Provided material section start
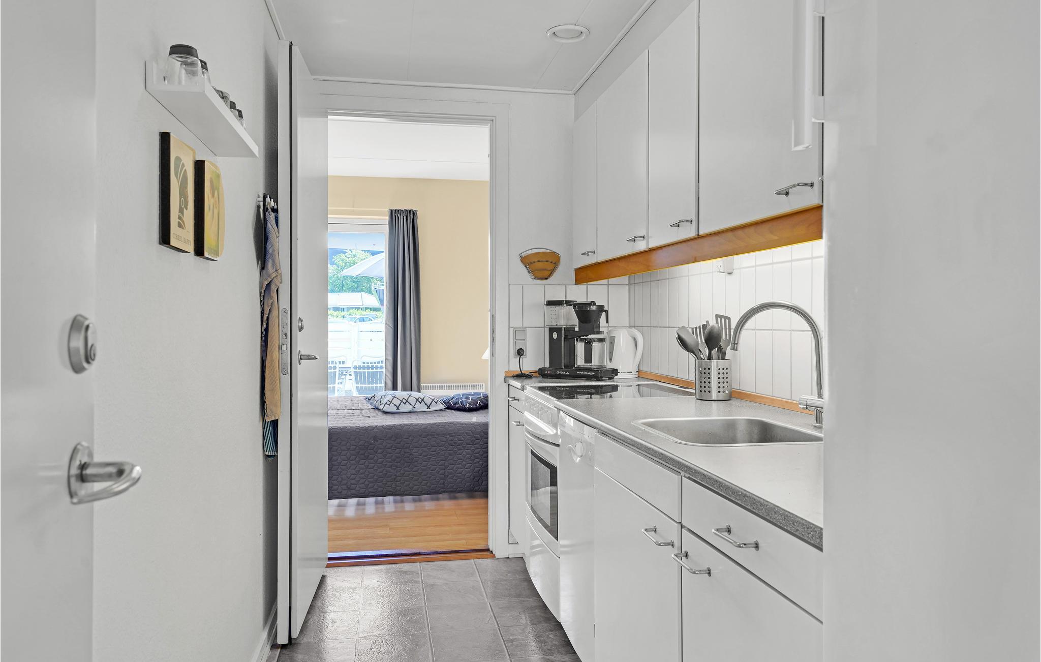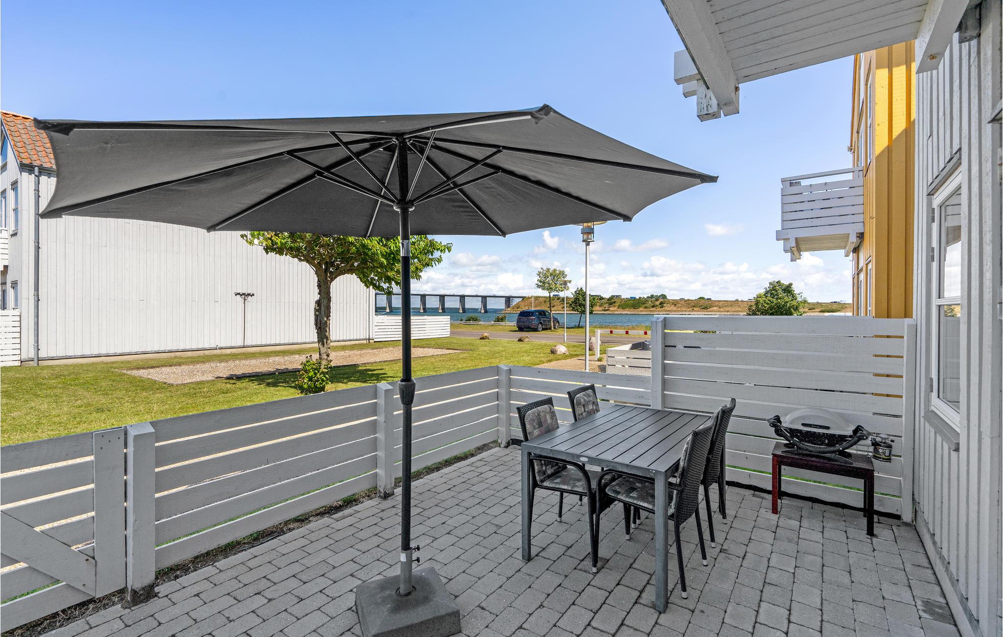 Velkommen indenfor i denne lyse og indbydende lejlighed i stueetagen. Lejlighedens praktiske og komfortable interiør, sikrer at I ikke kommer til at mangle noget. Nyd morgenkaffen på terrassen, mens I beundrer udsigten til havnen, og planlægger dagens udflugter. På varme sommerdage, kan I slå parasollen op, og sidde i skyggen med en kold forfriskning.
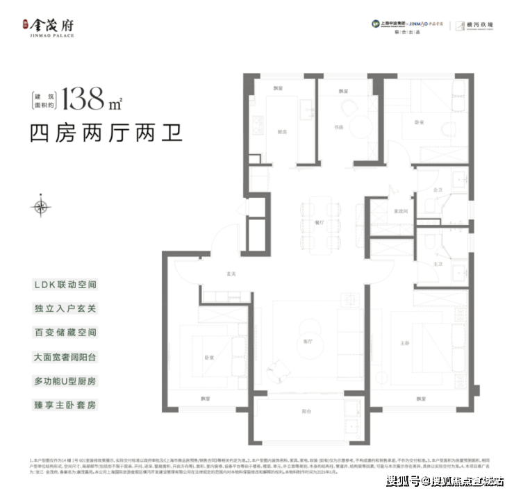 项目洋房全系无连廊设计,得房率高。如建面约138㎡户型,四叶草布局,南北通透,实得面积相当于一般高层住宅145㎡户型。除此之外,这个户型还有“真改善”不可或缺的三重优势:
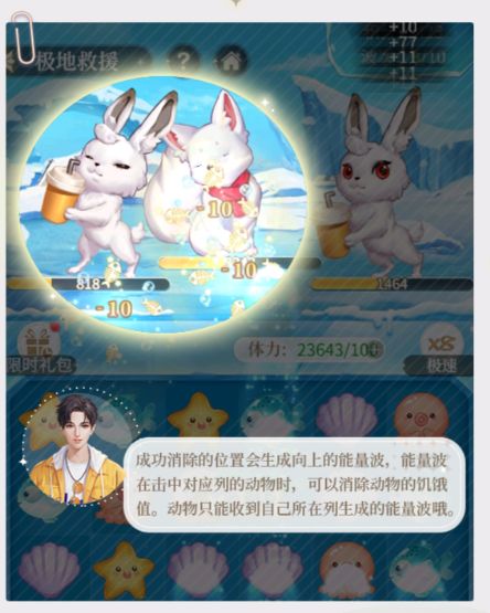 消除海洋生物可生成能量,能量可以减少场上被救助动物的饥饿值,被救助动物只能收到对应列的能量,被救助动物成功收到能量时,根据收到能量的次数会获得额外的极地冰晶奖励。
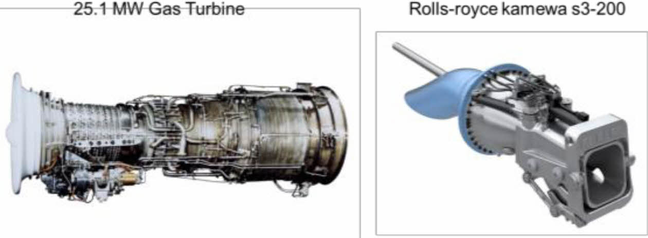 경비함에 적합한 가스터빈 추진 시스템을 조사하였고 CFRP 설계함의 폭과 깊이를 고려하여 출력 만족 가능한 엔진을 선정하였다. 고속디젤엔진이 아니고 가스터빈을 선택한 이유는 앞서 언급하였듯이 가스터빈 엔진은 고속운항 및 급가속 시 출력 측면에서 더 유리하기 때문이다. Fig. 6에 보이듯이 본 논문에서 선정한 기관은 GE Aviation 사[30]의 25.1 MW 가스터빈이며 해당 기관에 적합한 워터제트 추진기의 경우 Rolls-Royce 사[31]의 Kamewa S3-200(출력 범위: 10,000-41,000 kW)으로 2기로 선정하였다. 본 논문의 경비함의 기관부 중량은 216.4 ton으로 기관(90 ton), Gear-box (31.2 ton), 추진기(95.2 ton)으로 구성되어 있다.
Provided material section end
Exercise brief
The expected output is the full material above, word for word, without pictures.

Answer to the exercise
 Velkommen indenfor i denne lyse og indbydende lejlighed i stueetagen. Lejlighedens praktiske og komfortable interiør, sikrer at I ikke kommer til at mangle noget. Nyd morgenkaffen på terrassen, mens I beundrer udsigten til havnen, og planlægger dagens udflugter. På varme sommerdage, kan I slå parasollen op, og sidde i skyggen med en kold forfriskning.
 项目洋房全系无连廊设计,得房率高。如建面约138㎡户型,四叶草布局,南北通透,实得面积相当于一般高层住宅145㎡户型。除此之外,这个户型还有“真改善”不可或缺的三重优势:
 消除海洋生物可生成能量,能量可以减少场上被救助动物的饥饿值,被救助动物只能收到对应列的能量,被救助动物成功收到能量时,根据收到能量的次数会获得额外的极地冰晶奖励。
 경비함에 적합한 가스터빈 추진 시스템을 조사하였고 CFRP 설계함의 폭과 깊이를 고려하여 출력 만족 가능한 엔진을 선정하였다. 고속디젤엔진이 아니고 가스터빈을 선택한 이유는 앞서 언급하였듯이 가스터빈 엔진은 고속운항 및 급가속 시 출력 측면에서 더 유리하기 때문이다. Fig. 6에 보이듯이 본 논문에서 선정한 기관은 GE Aviation 사[30]의 25.1 MW 가스터빈이며 해당 기관에 적합한 워터제트 추진기의 경우 Rolls-Royce 사[31]의 Kamewa S3-200(출력 범위: 10,000-41,000 kW)으로 2기로 선정하였다. 본 논문의 경비함의 기관부 중량은 216.4 ton으로 기관(90 ton), Gear-box (31.2 ton), 추진기(95.2 ton)으로 구성되어 있다.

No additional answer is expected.